Secondly, identifying that the character strings in the set are static or dynamic, and identifying the character strings as static character strings if the character strings split by the separators remain unchanged in each log; otherwise, identifying the character string as a dynamic character string; and recording the positions of the static and dynamic character strings in the log.
For static character strings in the set, matching corresponding regular expressions according to the character string types to which the static character strings belong, and screening and removing the static character strings; the character string types include all symbols, all letters, all numbers, and combinations of symbols, and/or letters, and/or numbers, such as the character string "Name" all letters, the character string "8080" all numbers, and the character string "user 01" combinations of numbers and letters.
For the dynamic character string, determining the Chinese description of the dynamic character string at the position by comparing the actual meanings of the dynamic character string contents at the same position of different logs;
presetting a regular database, and selecting a corresponding regular expression from the preset regular database according to the type of the dynamic character string at each position; matching each selected regular expression with a corresponding dynamic character string, and if the matching is successful, storing the regular expressions; if the matching fails, selecting the regular expression from the regular database again until the matching succeeds, so as to verify the accuracy of the regular expression in matching the content of the character string;
creating a mapping structure of the Chinese description and the regular expression, wherein the mapping structure is a data table which takes the Chinese description of the dynamic character string as a field name and takes the corresponding regular expression as content;
and taking original log data, replacing the dynamic character string with a corresponding regular expression according to the recorded position of the dynamic character string, and keeping the static character string unchanged to obtain the log regular expression.
And finally, storing the mapping structure and the log regular expression as an analysis rule.
As shown in fig. 2, the process of analyzing the log by using the analysis rule obtained by the generation method includes:
obtaining the log data to be analyzed, wherein the same log can be transmitted in a streaming mode or a file mode.
According to the configured analysis strategy, the analysis rule is executed, including the regular expression configured in the execution strategy, and the configuration of the strategy can be realized by selecting the corresponding regular expression through Chinese description.
The specific analysis is to match the log data through a regular expression included in the analysis rule of the strategy configuration, and after the matching is successful, the corresponding Chinese description is used as a comment for the analysis result, so that more visual reading is realized.
The following examples are given to illustrate the details.
Take the following two pre-fetched logs as an example:
“2018-11-12 11:20:33 192.168.19.1 login admin.”
“2018-11-14 21:16:45 192.168.19.1 logoff user1.”
step 1, comparing the log contents, and determining a separator:
comparing the two logs element by element, i.e. comparing the first element "2" with "2", the second element "0" with "0", and so on, wherein consecutive letters or numbers, such as "2018", "192", "login", "user 1", are all regarded as one element; in the same position of the two logs, the same symbol includes "-", space, ": "and" (that is, the symbols are not only the same, but also the symbols in the same position of different logs are possible to be separators).

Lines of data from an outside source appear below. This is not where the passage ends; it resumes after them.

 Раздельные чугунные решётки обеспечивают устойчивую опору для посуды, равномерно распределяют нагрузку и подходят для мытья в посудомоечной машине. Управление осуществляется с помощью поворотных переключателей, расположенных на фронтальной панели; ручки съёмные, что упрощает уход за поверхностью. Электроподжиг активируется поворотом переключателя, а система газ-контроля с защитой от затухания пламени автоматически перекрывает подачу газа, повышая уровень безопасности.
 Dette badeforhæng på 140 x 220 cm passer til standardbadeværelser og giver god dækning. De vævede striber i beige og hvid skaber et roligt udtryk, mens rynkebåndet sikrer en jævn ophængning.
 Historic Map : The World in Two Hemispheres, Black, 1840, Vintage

For "-", there are two, where as "-", the beginning and end of the log are excluded because the symbols at the beginning and end of the log generally do not have separate functions; the middle ". times" of the log is three times in succession, and the elements of its division are all numbers, this group of numbers represents the commonly known IP address, the four elements are used as a whole, and the ". functions as a concatenation, i.e. not as a separation between strings.
"-" is two consecutive occurrences and no longer present, ": "the character string does not appear after two times of continuous appearance, and all the divided elements are numbers, are used as a whole, play a role in connection, and are not used as the separation between character strings.

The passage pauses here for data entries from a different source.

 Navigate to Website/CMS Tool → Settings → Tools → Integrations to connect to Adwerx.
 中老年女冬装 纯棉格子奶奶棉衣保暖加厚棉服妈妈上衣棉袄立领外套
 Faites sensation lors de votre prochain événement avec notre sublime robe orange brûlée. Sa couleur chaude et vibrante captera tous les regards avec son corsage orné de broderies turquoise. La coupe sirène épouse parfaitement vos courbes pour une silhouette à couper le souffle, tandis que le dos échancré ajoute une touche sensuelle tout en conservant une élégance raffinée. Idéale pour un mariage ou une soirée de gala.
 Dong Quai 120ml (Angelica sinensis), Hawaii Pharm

The spaces are uniformly appeared three times (namely, character strings with actual meanings exist between two adjacent spaces), so that only the space symbols meet the characteristic requirements of the separators, the separators of the logs are determined to be the spaces, and the positions of the separators are recorded so as to separate the logs in the next step.
Step 2, splitting the log data into character strings by using separators:
for example, split the first log into a set of strings:
{2018-11-12
11:20:33
192.168.19.1
login
admin};
the second log is split into a set of strings:
{2018-11-14
21:16:45
192.168.19.1
logoff
user1}。
step 3, distinguishing whether the character string is static or dynamic:
comparing the character strings in the two sets in the second step in sequence to know that the changed character strings are the first, second, fourth and fifth character strings and are identified as dynamic character strings; the character string that remains unchanged is a third character string, identified as a static character string. In practice, it cannot be determined with complete accuracy whether a character string is static or dynamic by comparing two logs, such as "192.168.19.1" in this embodiment, and the character string may be static if it is the IP information of a device, but may be dynamic if it is the IP of a user; but through the accumulation of the number of logs, the accuracy can be gradually improved, and finally, complete and accurate identification is achieved.

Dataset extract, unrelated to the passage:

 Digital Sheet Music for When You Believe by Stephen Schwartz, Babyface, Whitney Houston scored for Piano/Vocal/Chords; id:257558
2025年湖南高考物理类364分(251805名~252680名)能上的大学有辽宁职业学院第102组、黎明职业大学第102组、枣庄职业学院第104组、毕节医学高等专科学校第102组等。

Step 4, for the static character string, removing according to the character string type, in this embodiment, the character string "192.168.19.1" represents an IP address, and its regular expression may be:
Figure 3
the regular expression can be used to clear the static string, for example, the first log can be processed as:
{2018-11-12
11:20:33
login
admin};
the rest are dynamic character strings, and for the dynamic character strings, two kinds of processing are carried out, firstly, the meanings of the dynamic character strings in the two logs are combined, and Chinese description is marked:
{2018-11-12 date
11:20:33 time
logic operation
admin username };
secondly, a regular expression is adapted to the dynamic character string, specifically, the type of the character string is determined by judging the composition of the character string, and then the corresponding regular expression is matched from a preset regular library. In this embodiment, the types of the dynamic character strings are a number and symbol combination (more accurately, a date expression format), a number and symbol combination (more accurately, a time expression format), a letter combination, and a letter and number combination; also, if the date and time often occur in the log adjacent at the same time, the regular expression for the date may be: \ d {4} (|/| >) \ d {1,2} \ d {1,2 }; the regular expression of time may be:
Figure 4
the regular expression of operations (English words) may be: \ b [ a-zA-Z ] + \ b; the regular expression for the username may be: [ A-Za-z0-9 \\\/u 4e00 \/u 9fa5] +; thereby, a mapping structure of the Chinese description and the regular expression is obtained, as shown in the following table:
Figure 2
and 5, replacing the dynamic character strings with regular expressions, namely replacing the dynamic character strings in the original log with the corresponding regular expressions to obtain the following log regular expressions:
Figure 5
step 6, the Chinese description mapping structure and the log regular expression are stored as an analysis rule, when the log of the same kind is analyzed, the rule is executed, and in the corresponding result, each dynamic character string can automatically display Chinese description, so that the direct reading is facilitated:
for example, the second log is analyzed, and the output result may be in the following form:
the dates 2018-11-14/time 21:16: 45/192.168.19.1/operation logoff/user name user1. the symbol "/" in this case is merely to distinguish the contents of the respective fields, has no practical meaning, and can be replaced by other symbols.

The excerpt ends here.